Whew! There’s no doubt initiatives — I mean real, ‘let’s get this done’ initiatives – are critical in each of these areas. But, as I said to Jim, we don’t want the sector to choke on the enormity of this list and the demands before them, so what does he see as the priority? Where should academic libraries start? Recognizing that many of the changes required are inter-related and interdependent, and could be — and should be — started simultaneously, Jim  would first focus on creating the national or North American last copy print repositories. Makes sense, since the infrastructure is there, ready to be optimized, by libraries joining forces not as a consortium or a cooperative, but as a collaboratory blurring boundaries and integrating processes, practices and politics — yep, politics.

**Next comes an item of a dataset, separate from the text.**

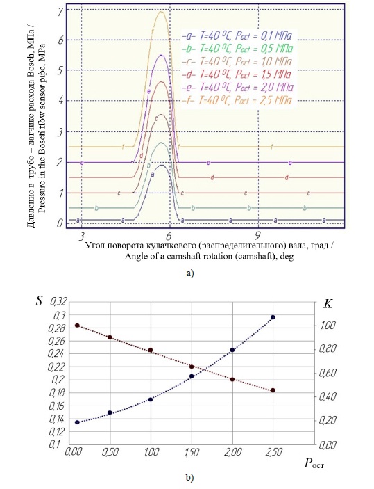 temperature: a) graphs of the pressure change in the injection adapter when the fuel temperature changes
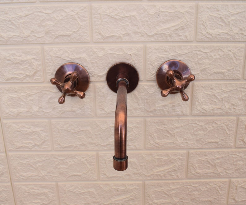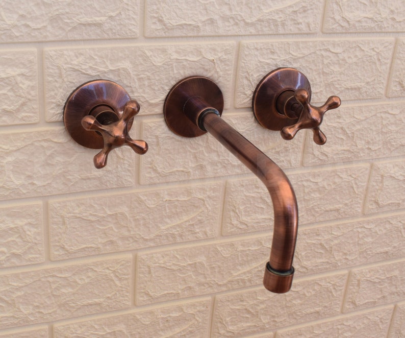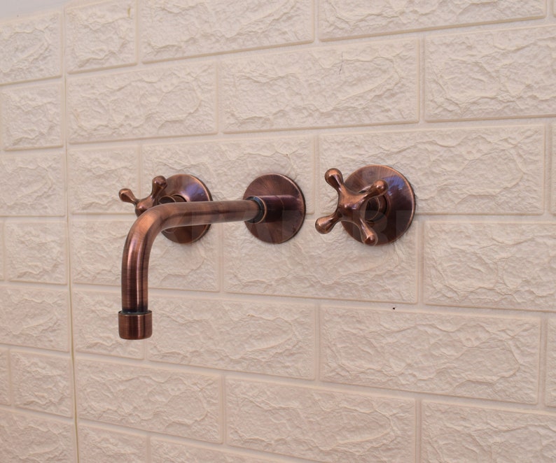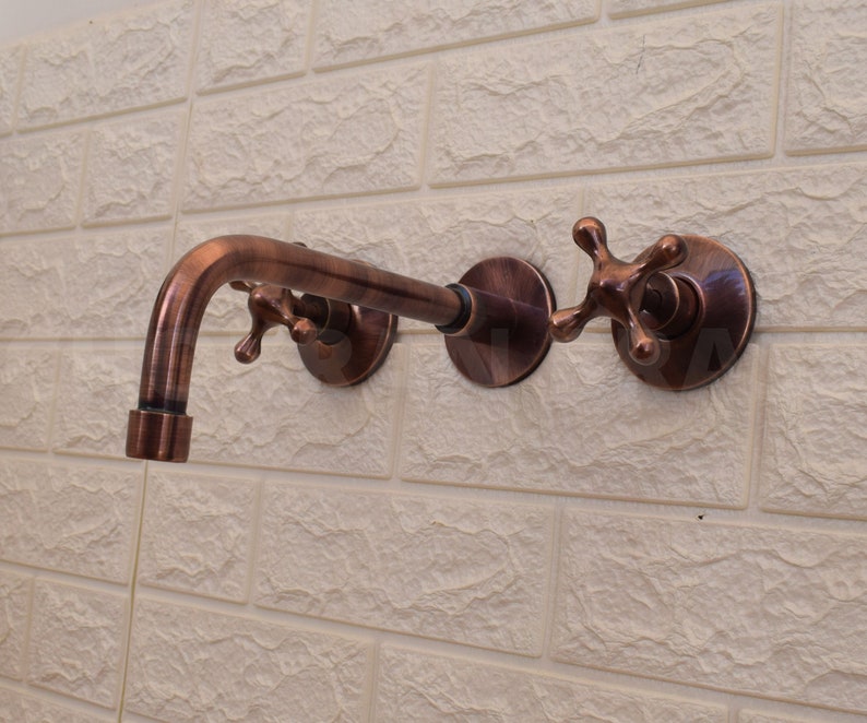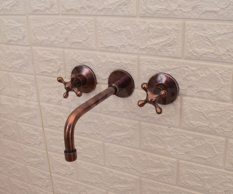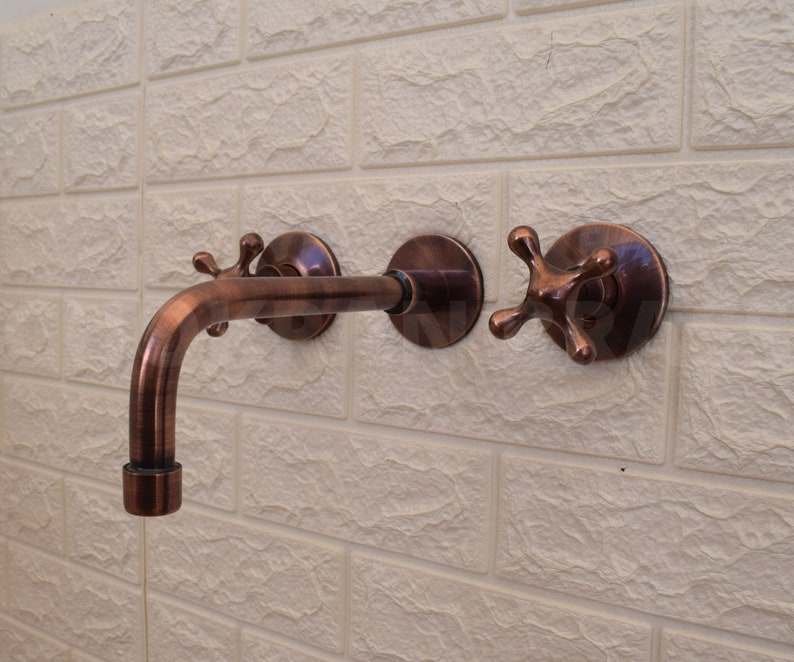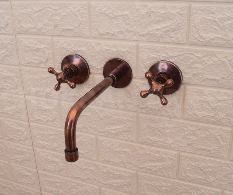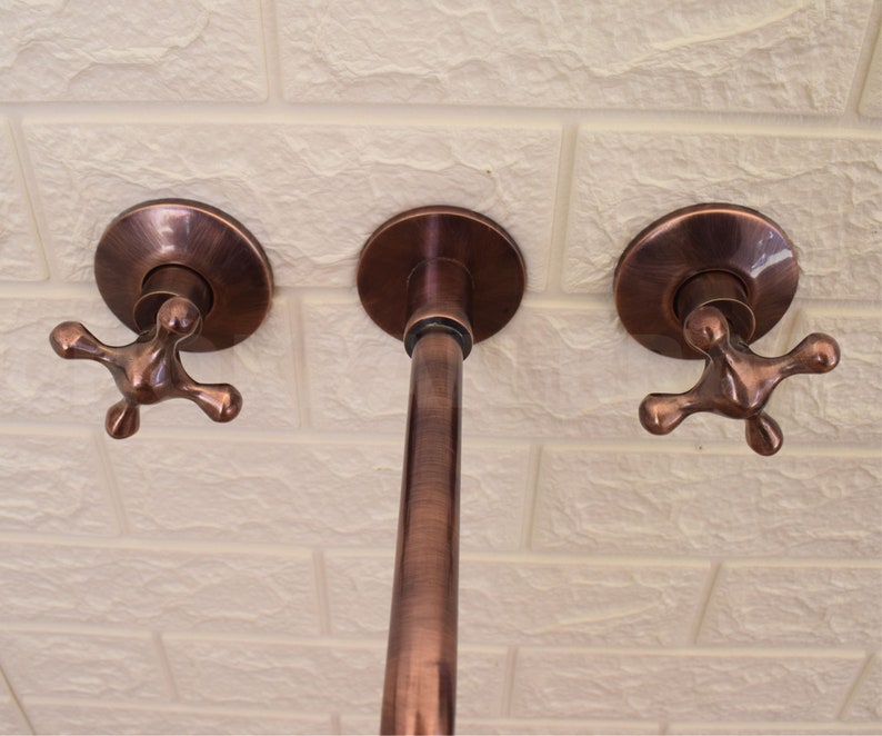 Copper Vintage Wall mounted bathroom faucet, Cooper Wall Mount Faucet, Vintage Style Faucet, Antique Copper Wall Mount Faucet Sink

Jim is fully exploring these possibilities and topics right now; he’s keynoting the Interlending and Document Supply Conference on September 20, 2011, speaking on “Radical Collaboration & the Future of the Academic Library: The 2CUL Project as Case Study (pronounced “too cool” this is a Columbia/Cornell collaboration.)


 

 

 

 

4 comments to Radical Collaboration: Jim Neal

  • jeff trzeciak

    Rebecca, I will be blogging about the evaluation of the symposium at a later date but I have a good pool of responses already. It was clear that the student panel had an impact on the audience as it was identified as “very valuable” by attendees. The 2nd highest went to the faculty group. Clearly we want to hear more from our users, which is a good thing!

    • Rebecca Jones

      Thanks Jeff — will the videos & slides of the day be posted as well? I’d love to start sharing those with people. As for hearing from our users, am I wrong in being shocked that people were surprised? We talk about communicating with students & faculty, yet obviously we haven’t been listening & acting on what we’re hearing. Or, maybe we’ve been listening & acting on it but not to the degree required?

  • How can we continue to say that it is service that distinguishes us when we don’t talk to those we serve? Don’t academic libraries/librarians convene regular focus group sessions with students (good grief, engage an undergraduate research class to do this)? Don’t we have annual student panel at professional days? Jeez…

  • Rebecca Jones

    I hear you, Ken, as do those academic libraries that ARE talking with/listening to/engaging students. And there are many academic libraries who are; and, unfortunately, there are also academic libraries who aren’t listening to students. What was even MORE concerning to me was that, once again, there weren’t any faculty from an iSchool in attendance (oops! Michael Stephens was there!! of course!). Where are the Deans? Where are the faculty of iSchools when the discussion of libraries’ futures are occurring? Why don’t we see Deans or faculty at library conferences like Computers in Libraries or Internet Librarian? We need their engagement in these conversations; we’re interested in their perceptions as they should be interested in where the sector and profession is headed.